#### Data for review
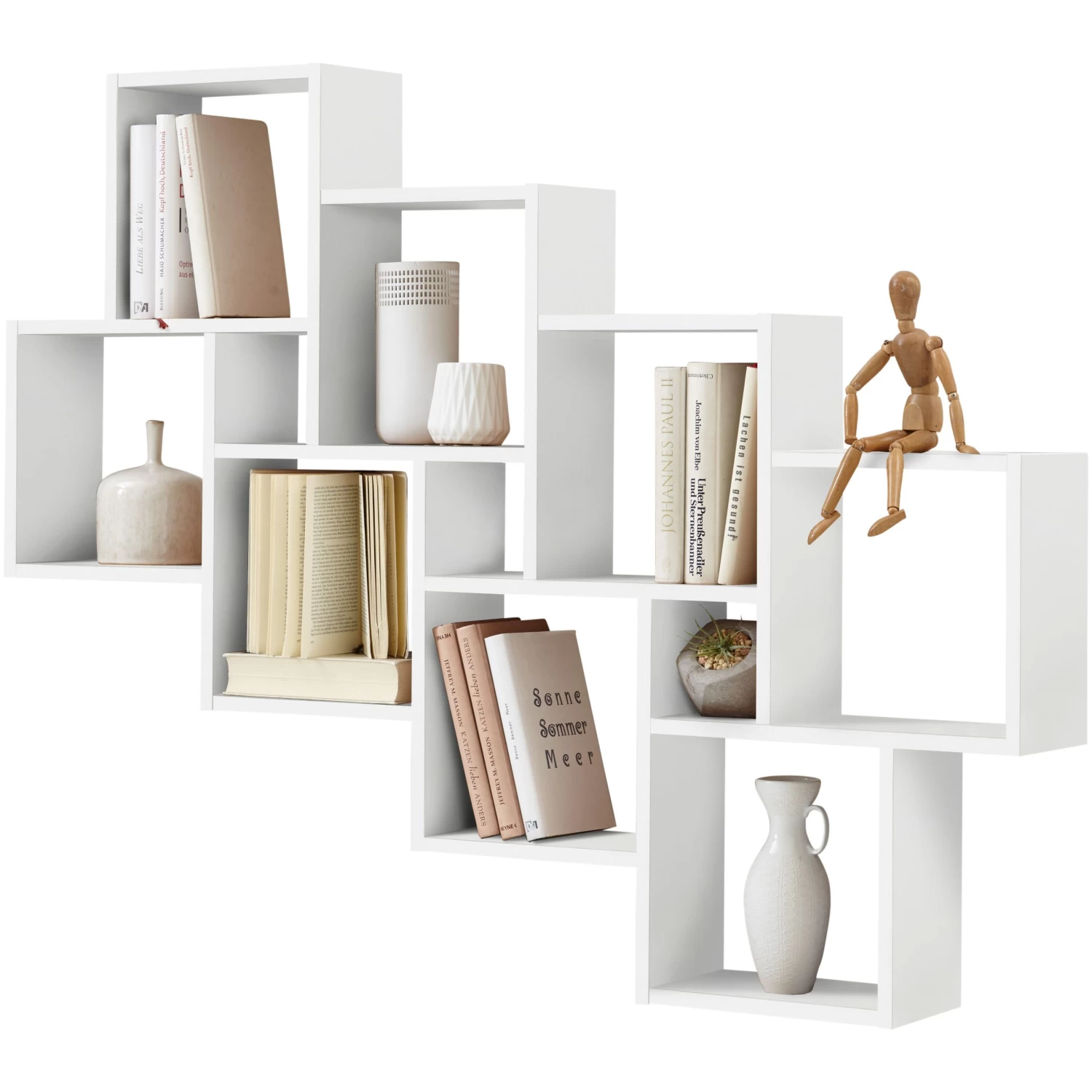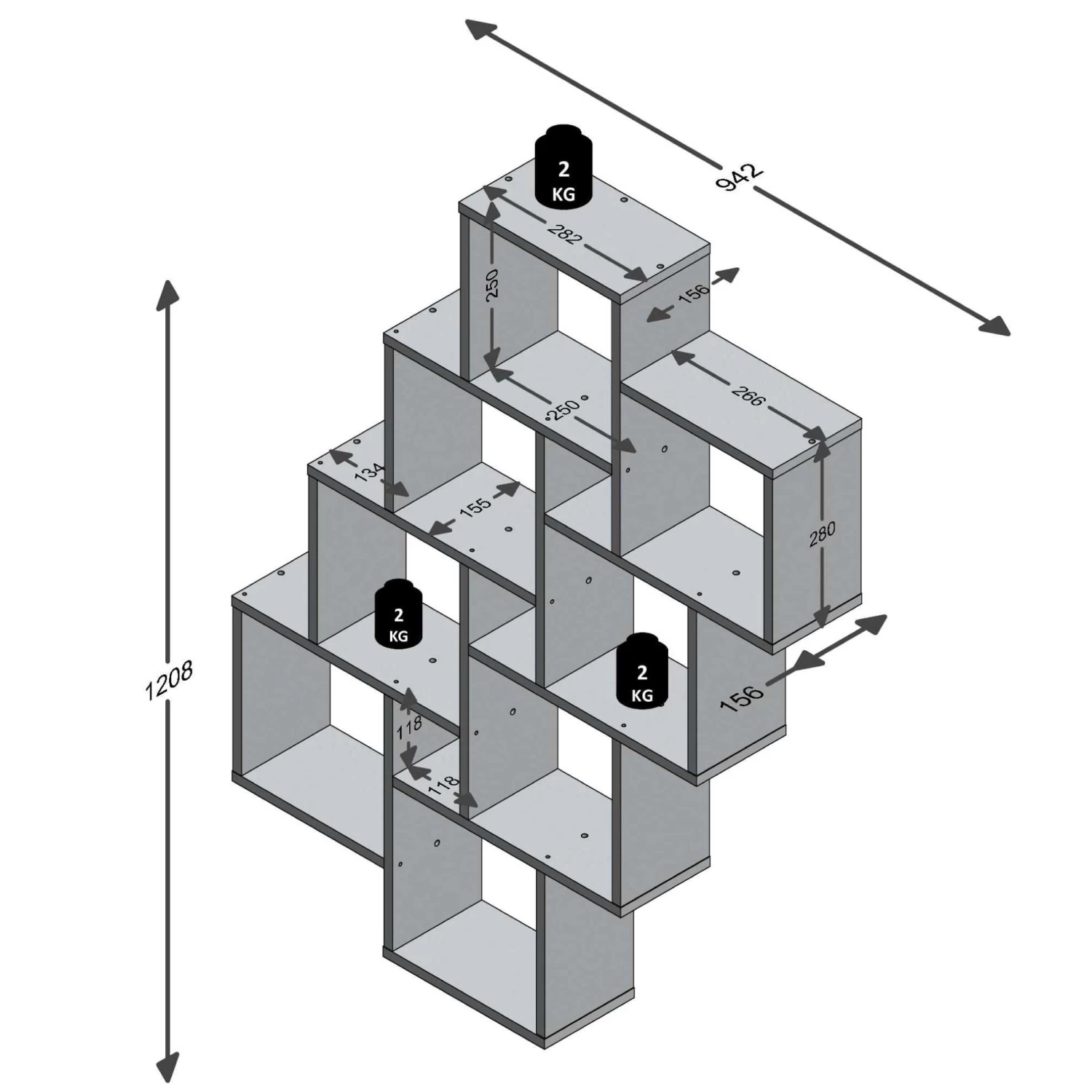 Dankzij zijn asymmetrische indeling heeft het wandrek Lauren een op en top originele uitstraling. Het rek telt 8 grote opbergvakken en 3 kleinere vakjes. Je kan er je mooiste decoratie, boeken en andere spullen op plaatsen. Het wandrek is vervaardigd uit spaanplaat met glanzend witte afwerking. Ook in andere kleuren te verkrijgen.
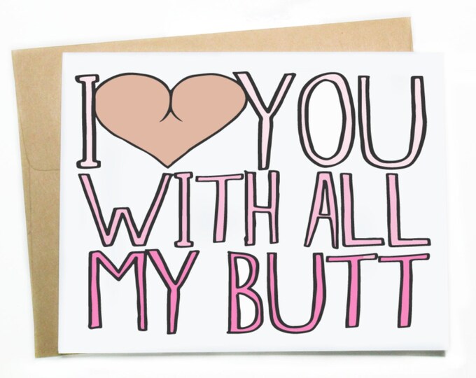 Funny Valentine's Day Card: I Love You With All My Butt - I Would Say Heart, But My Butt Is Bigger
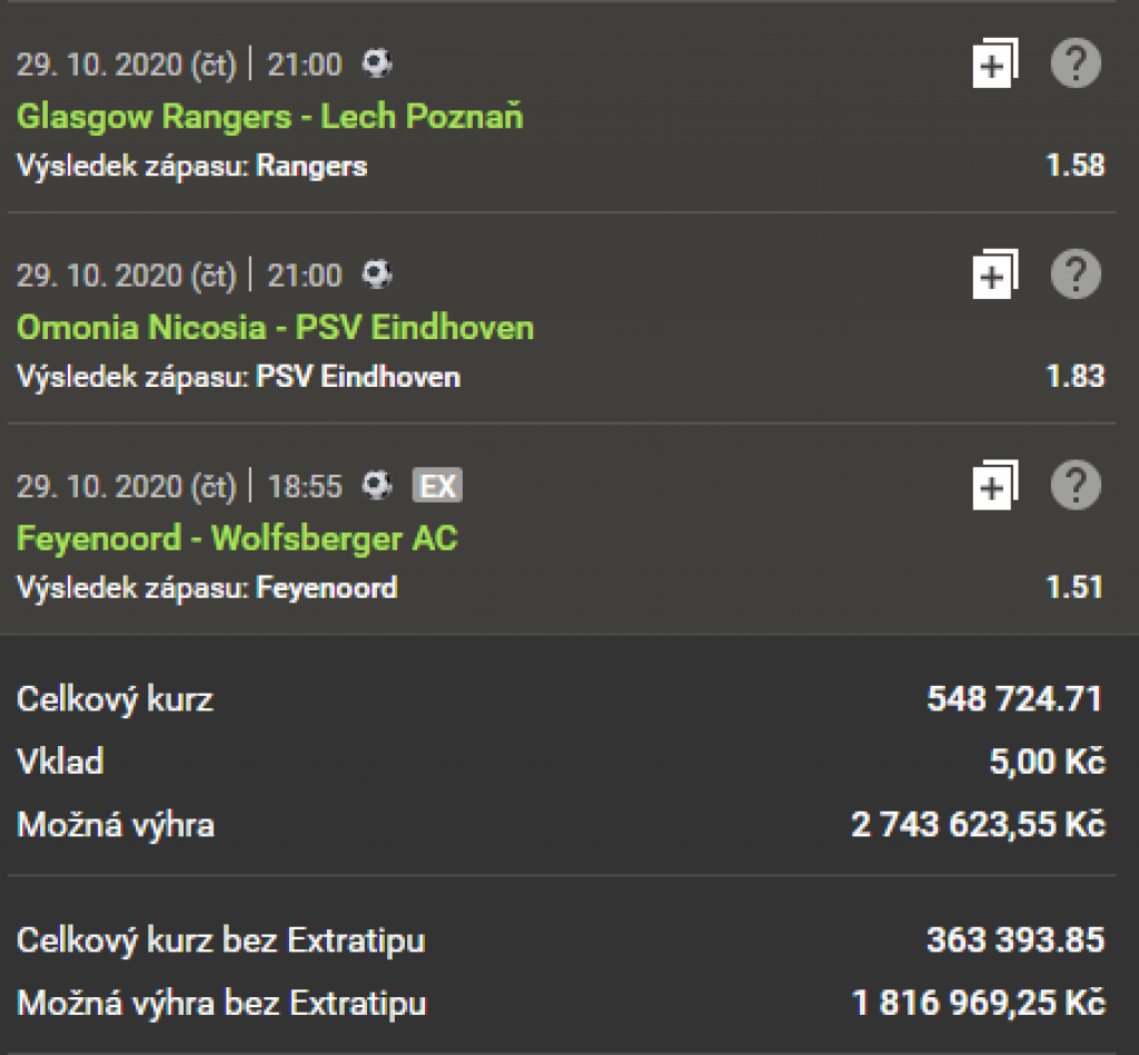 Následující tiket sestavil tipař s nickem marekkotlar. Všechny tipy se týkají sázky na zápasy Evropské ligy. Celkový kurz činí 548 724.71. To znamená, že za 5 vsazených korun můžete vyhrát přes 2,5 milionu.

...

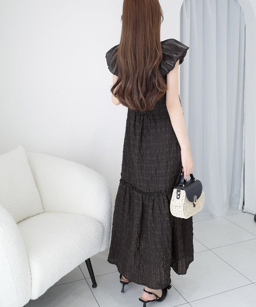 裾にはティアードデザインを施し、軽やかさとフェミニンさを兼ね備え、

---

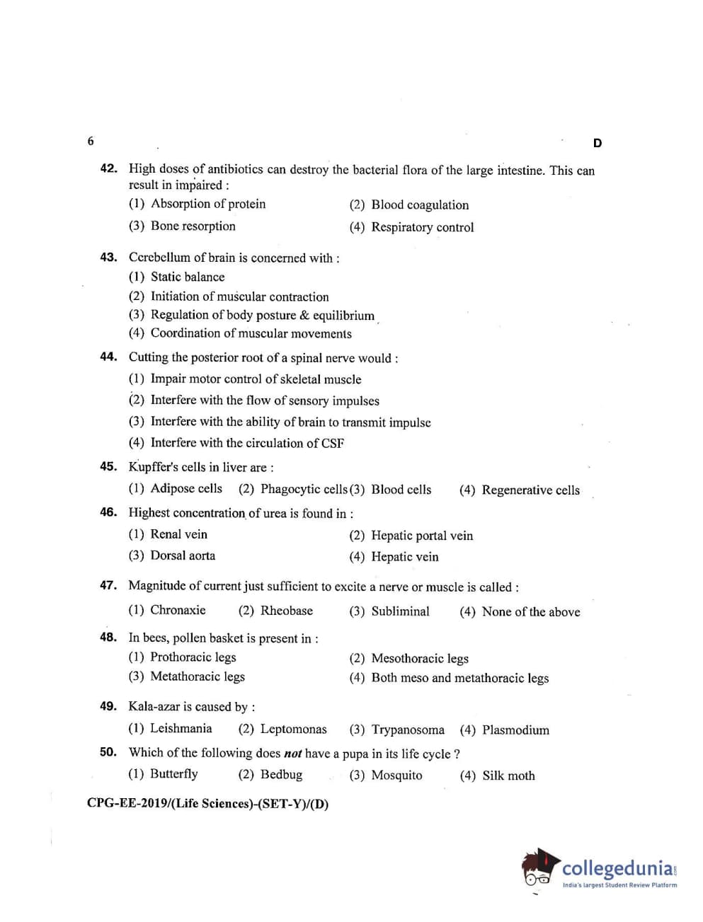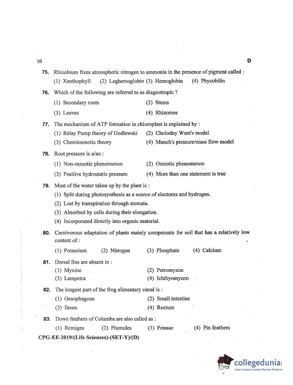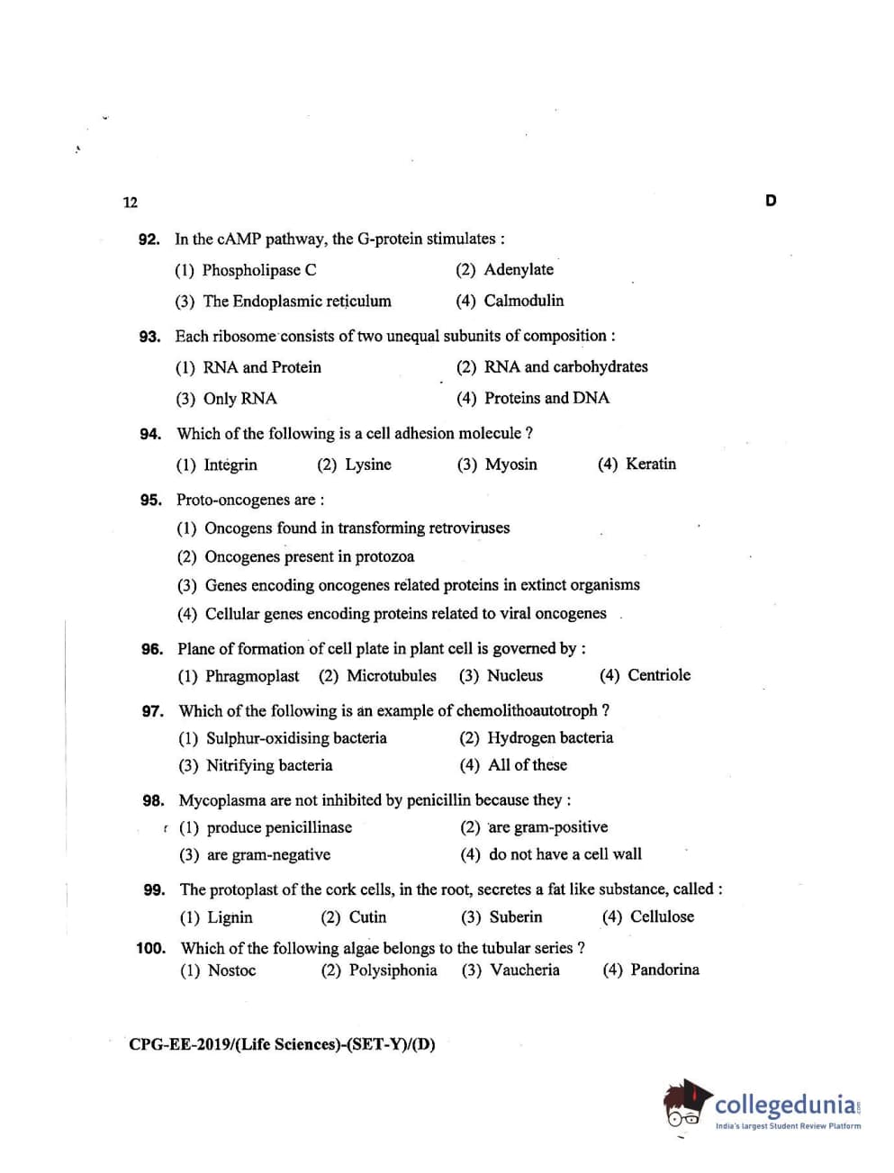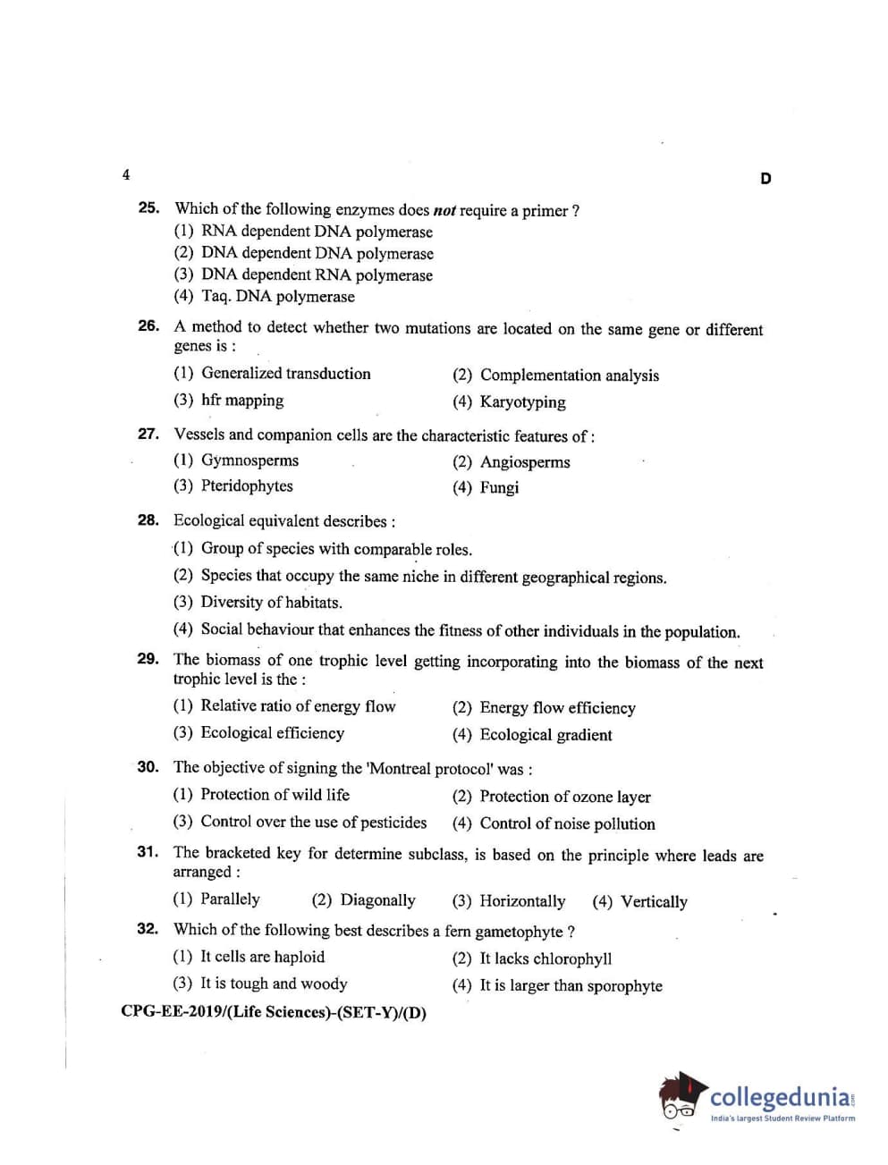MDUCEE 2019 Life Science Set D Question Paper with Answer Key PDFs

#### Activity
Starting at the line containing "Dankzij zijn asymmetrische" and finishing at the line containing "Následující tiket sestavil", return those lines exactly as they appear above, without the pictures.

#### Response to the task
 Dankzij zijn asymmetrische indeling heeft het wandrek Lauren een op en top originele uitstraling. Het rek telt 8 grote opbergvakken en 3 kleinere vakjes. Je kan er je mooiste decoratie, boeken en andere spullen op plaatsen. Het wandrek is vervaardigd uit spaanplaat met glanzend witte afwerking. Ook in andere kleuren te verkrijgen.
 Funny Valentine's Day Card: I Love You With All My Butt - I Would Say Heart, But My Butt Is Bigger
 Následující tiket sestavil tipař s nickem marekkotlar. Všechny tipy se týkají sázky na zápasy Evropské ligy. Celkový kurz činí 548 724.71. To znamená, že za 5 vsazených korun můžete vyhrát přes 2,5 milionu.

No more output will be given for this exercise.